One aspect of the wkt-crs spec which is a little annoying is the dates. Sometimes they're provided in a string, which makes handling them easy. However, they're often provided as an object. This means they can occupy many different formats. For example

In other words, just any random format which an SQL database might spit out. As far as I can see, there's no good wrapper which can handle deserialising arbitrary date formats right now.

So I made it! It's called Horologium and of the projects discussed so far, this is the first which has been release publicly. It's super early days, but it gives you the following enum

pub enum Temporal {
    Date(Date),
    Time(Time),
    DateTime(PrimitiveDateTime),
    OffsetDateTime(OffsetDateTime),
}

Which you can make from a string like Temporal::try_from("2025-05-25"). Useful if you don't know what the date format might look like.

Lofty Goals

So the order of operations for me is something like this

It's a very lofty goal but the day I don't have to touch Python in any way to do the geographic stuff at my job will be a very happy day indeed.

My Other Stuff?

Those of you who are avid readers of my blog will know that I was steadily working through Mathematical Methods in the Physical Sciences by Mary L. Boas. I do intend to finish that still, though it will likely take much longer than I originally anticipated due to this project now taking up a fair amount of my time. I have several articles on integration and vector calculus which are half finished, but I hope will still see the light of day soon!

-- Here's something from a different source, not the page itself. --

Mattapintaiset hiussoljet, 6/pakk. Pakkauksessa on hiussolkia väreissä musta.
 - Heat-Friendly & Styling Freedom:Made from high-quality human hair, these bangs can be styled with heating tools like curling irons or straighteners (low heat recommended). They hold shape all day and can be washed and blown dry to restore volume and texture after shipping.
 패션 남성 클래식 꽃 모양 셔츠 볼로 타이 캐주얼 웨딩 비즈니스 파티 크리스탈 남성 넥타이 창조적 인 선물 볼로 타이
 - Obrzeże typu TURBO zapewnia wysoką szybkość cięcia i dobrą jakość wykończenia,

Similarly I wanted to work through Introduction to Algorithms by Thomas H. Cormen et al, but it seems unlikely that will happen this year now.

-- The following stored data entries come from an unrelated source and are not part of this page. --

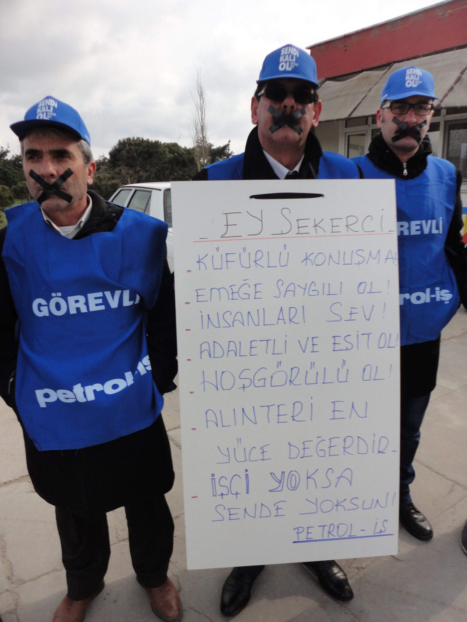 Eti Maden işletme müdürünün haksız tutumuna karşı yapılan eylemler daha sonraki günlerde de devam etti. İşletme müdürlüğü önünde yapılan “Sessiz eylem”e Petrol-İş Sendikası Bandırma şube yönetimi ve üyelerimiz katıldı.
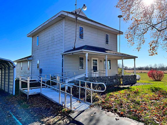 What a great opportunity to get to the country! This farmhouse has had all the high ticket items taken care of! From the new tear off roof to the complete HVAC system, you won't have to worry about anything but updating it with your personal decor choices! Before entering the home take note of the large front porch! On the main level you will find a family room, formal dining room, a large kitchen with all appliances included! The master suite is also on the main level and has 4 closets.....two of them being walk-in! The bathroom is large and has a dual vanity with a large mirror! The laundry , complete with washer and dryer, s conveniently located at the back of the house off the kitchen. There's a mounted ironing board and also a built in space for a stand up freezer or 2nd refrigerator! The main level is complete with a 1/2 bath for guests. The upper level has three bedrooms and a full bath. Most of the windows in the home have been updated. The basement has loads of storage space and built in cabinets. The 2 acres comes complete with a huge barn, garden area, and a car shed. This property is being sold with all contents of home and barn included.
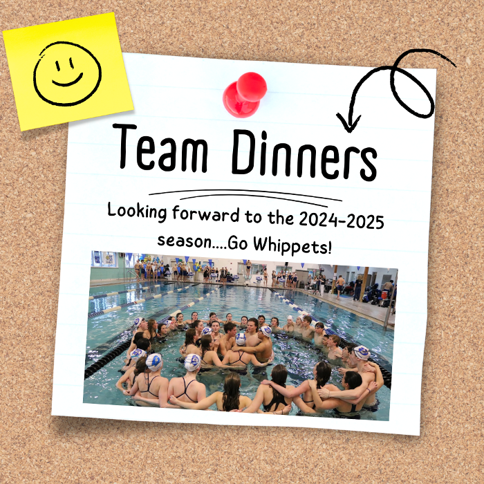 Below is the schedule of our team dinners for the 2024-2025 season. Each team dinner is scheduled on the night before a meet, with the exception of the last dinner which will take place after the JV Invitational and the ChesMont Invitational meets have concluded that week. Many thanks to our families for volunteering to host the team dinners!

In terms of Latin, I'm still translating Lingua Latina by Hans H. Orberg chapter by chapter. Though I haven't actually done that in a while. I intend to finish off the chapter I'm about half way through immediately after publishing this blog. Theoretically I should still complete my entire translation of that into English by the end of year, which has by far been the most effective way to study Latin I've found so far. In terms of Latin blogs, I really don't see many on the horizon over the next few months.